They can occur with ICI regimens, specifically causing inflammation of the pituitary gland, known as hypophysitis. This often leads to enlargement of the pituitary gland, with the anterior pituitary being more commonly affected than the posterior pituitary [60, 61, 62, 63]. According to a meta-analysis by Barroso-Sousa et al. About 39% of patients with hypophysitis experienced symptoms that scored at least a grade 3 on the Common Terminology Criteria for Adverse Events [CTCAE] scale [64, 63]. Central hypothyroidism is the most common side effect of ICIs, followed by hypogonadism, and may be associated with central adrenal insufficiency, which may potentially lead to a fatal adrenal crisis.

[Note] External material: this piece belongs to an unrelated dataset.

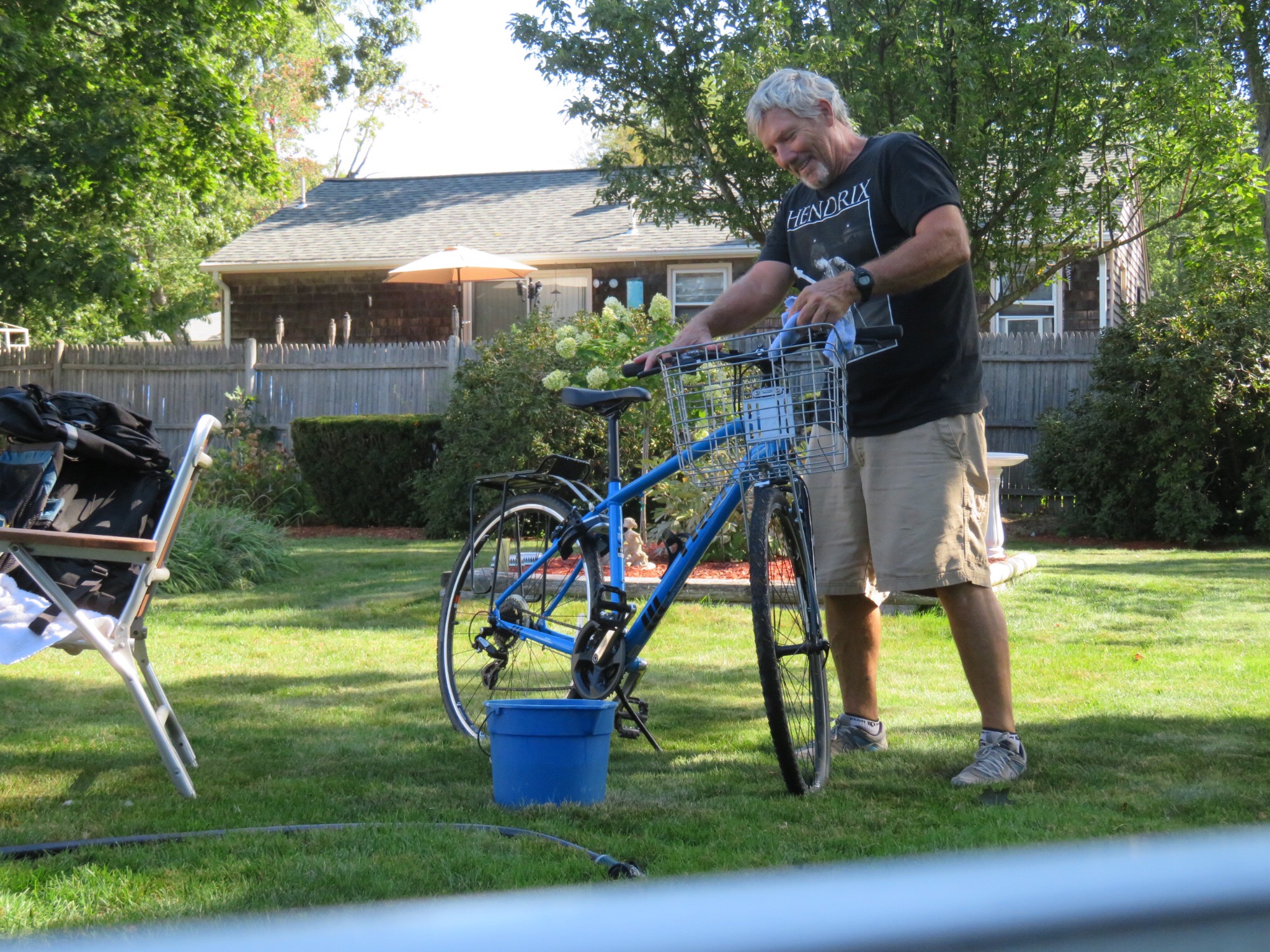 We had a pretty mellow day today. After breakfast, I mowed the back yard then we pulled the bikes out of the shed and gave them a good cleaning up. 3700 miles strapped on the back of a traveling RV had built up quite a layer of dirt.

The occurrence of hypo physitis- hypo pituitarism induced by ipilimumab is not dependent on cumulative dosage or cycle frequency [62]. Nivolumab-ipilimumab combination therapy is associated with a higher incidence than with ipilimumab alone [64]. When using PD-1 inhibitors instead of ipilimumab, the frequency of these side effects is reduced, and the way these side effects manifest themselves also varies, indicating different pathways [65].

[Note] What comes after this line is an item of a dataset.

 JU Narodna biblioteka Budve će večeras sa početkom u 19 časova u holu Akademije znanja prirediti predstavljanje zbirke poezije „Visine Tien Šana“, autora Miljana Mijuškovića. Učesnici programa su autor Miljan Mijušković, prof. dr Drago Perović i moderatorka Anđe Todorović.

Thyroid dysfunction is another frequent adverse event that can manifest as either thyrotoxicosis or hypothyroidism, with hypothyroidism being the more common presentation [48]. Thyrotoxicosis is often caused by silent or destructive thyroiditis, followed by the development of hypothyroidism within 6 weeks [61, 66]. Although severe cases are uncommon and necessitate hospital admission, the majority of thyroid-related adverse events are either asymptomatic or produce mild to moderate symptoms [67]. Women in their later years may be more susceptible to thyroid dysfunction and may experience more severe symptoms of the condition [68, 69, 70]. The anti-PD-1 class of drugs has the largest risk of thyroid dysfunction, according to studies by Barbarossa-Sousa et al. [64]. On the other hand, the anti-CTLA-4 medication ipilimumab is linked to the least amount of thyroid impairment.

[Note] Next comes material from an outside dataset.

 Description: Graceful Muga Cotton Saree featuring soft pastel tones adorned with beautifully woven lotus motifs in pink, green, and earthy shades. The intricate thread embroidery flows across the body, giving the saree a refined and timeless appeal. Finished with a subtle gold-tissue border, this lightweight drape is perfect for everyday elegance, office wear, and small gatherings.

ICI treatment is linked to symptoms that resemble those of type 1 diabetes. These include high autoantibody levels and low or undetectable C-peptide levels [61, 70]. With ICI therapy, the incidence rates of type 1 diabetes mellitus vary from 0.2% to 0.9%. Rapid-onset diabetic ketoacidosis, on the other hand, has recently been linked to a more severe course of disease [71, 72]. Pembrolizumab and nivolumab had greater incidence rates than PD-L1 inhibitors [70, 73]. Additionally, combination therapy may raise the risk because symptoms may manifest sooner after therapy starts [70, 73].

Less than 2% of instances result in primary adrenal insufficiency, a rare symptom of irAE episodes. In a meta-analysis research by Barroso-Sousa et al., 43 cases of primary adrenal insufficiency were observed among 5,831 patients (0.7%), with 14 cases (0.3%) categorized as grade 3 or above [64].

1.6.4. Hematologic Adverse Drug Reactions

The ICI therapy can impact all hematopoietic cells, with the occurrence of high-grade anemia according to CTCAE ranging from 0.1% to 17%, neutropenia from 0.4% to 1.7%, and thrombocytopenia from 1.2% to 2.5% in the patients [74]. Other less common adverse reactions include hemolytic anemia, idiopathic thrombocytopenic purpura, bone marrow failure, and Hemophagocytic lymphohistiocytosis (HLH) [75, 76].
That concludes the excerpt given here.